▶ [AIM OF THE EXERCISE] From the records below, please repeat exactly the line that has "威帝新国标3C认证复古巡航电动车摩托车男女机车头盔安全骑行半盔", the line that has "This Lovely Patchwork", and every line between them, and nothing else.

BEGIN GIVEN RECORDS

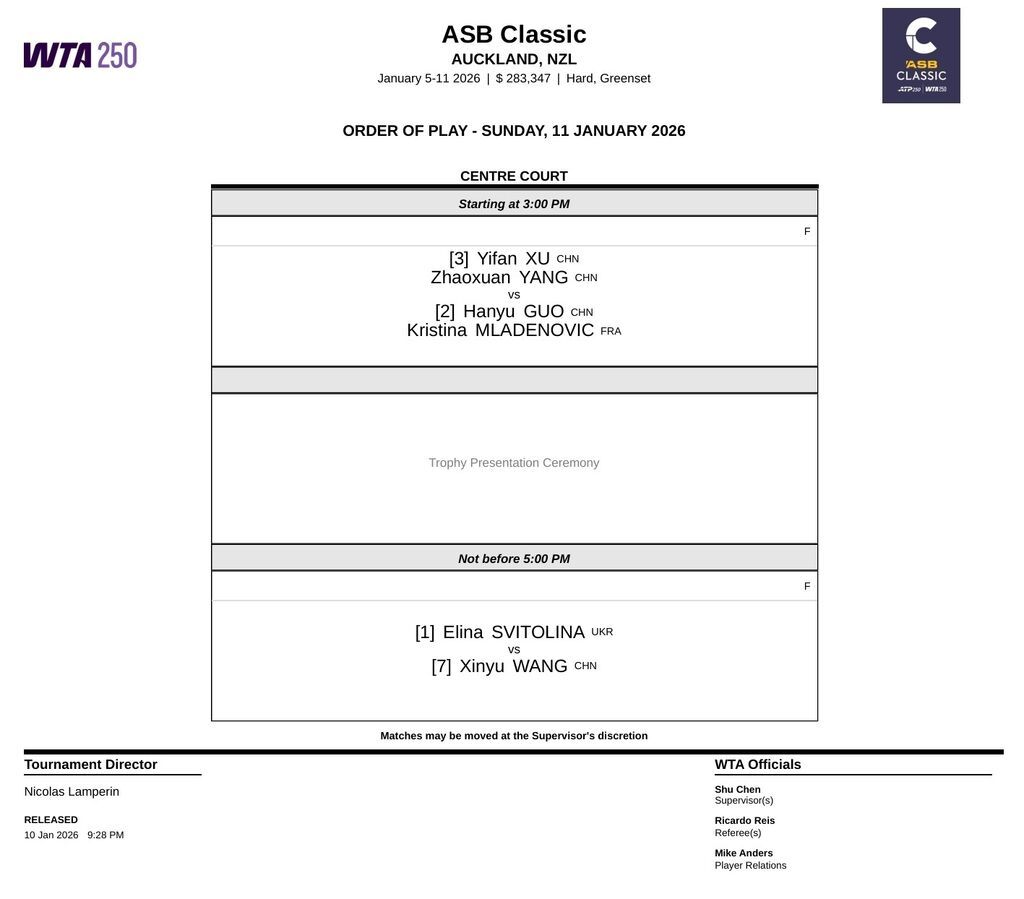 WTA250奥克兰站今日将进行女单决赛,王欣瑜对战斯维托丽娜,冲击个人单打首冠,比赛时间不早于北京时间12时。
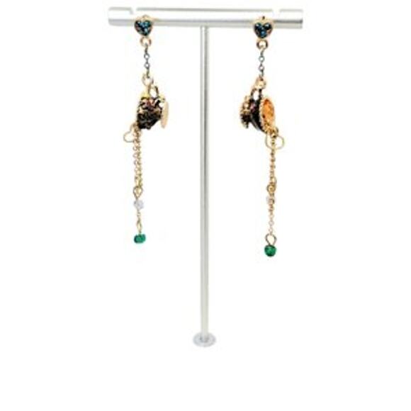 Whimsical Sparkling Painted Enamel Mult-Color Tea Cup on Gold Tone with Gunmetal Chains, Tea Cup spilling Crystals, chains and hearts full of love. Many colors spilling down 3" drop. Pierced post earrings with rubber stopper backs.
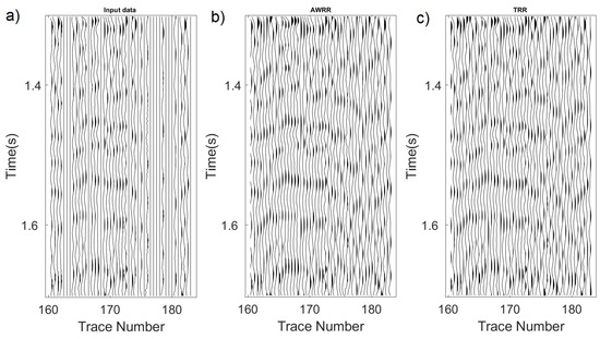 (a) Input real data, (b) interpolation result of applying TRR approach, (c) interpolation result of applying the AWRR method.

END GIVEN RECORDS
BEGIN GIVEN RECORDS

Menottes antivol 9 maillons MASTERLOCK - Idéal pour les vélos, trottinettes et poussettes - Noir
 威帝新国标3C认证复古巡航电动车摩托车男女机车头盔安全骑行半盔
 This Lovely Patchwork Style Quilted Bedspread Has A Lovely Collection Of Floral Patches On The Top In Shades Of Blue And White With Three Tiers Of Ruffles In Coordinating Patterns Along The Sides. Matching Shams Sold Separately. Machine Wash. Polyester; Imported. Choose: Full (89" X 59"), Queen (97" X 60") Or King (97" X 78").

END GIVEN RECORDS

▶ [SOLUTION]
 威帝新国标3C认证复古巡航电动车摩托车男女机车头盔安全骑行半盔
 This Lovely Patchwork Style Quilted Bedspread Has A Lovely Collection Of Floral Patches On The Top In Shades Of Blue And White With Three Tiers Of Ruffles In Coordinating Patterns Along The Sides. Matching Shams Sold Separately. Machine Wash. Polyester; Imported. Choose: Full (89" X 59"), Queen (97" X 60") Or King (97" X 78").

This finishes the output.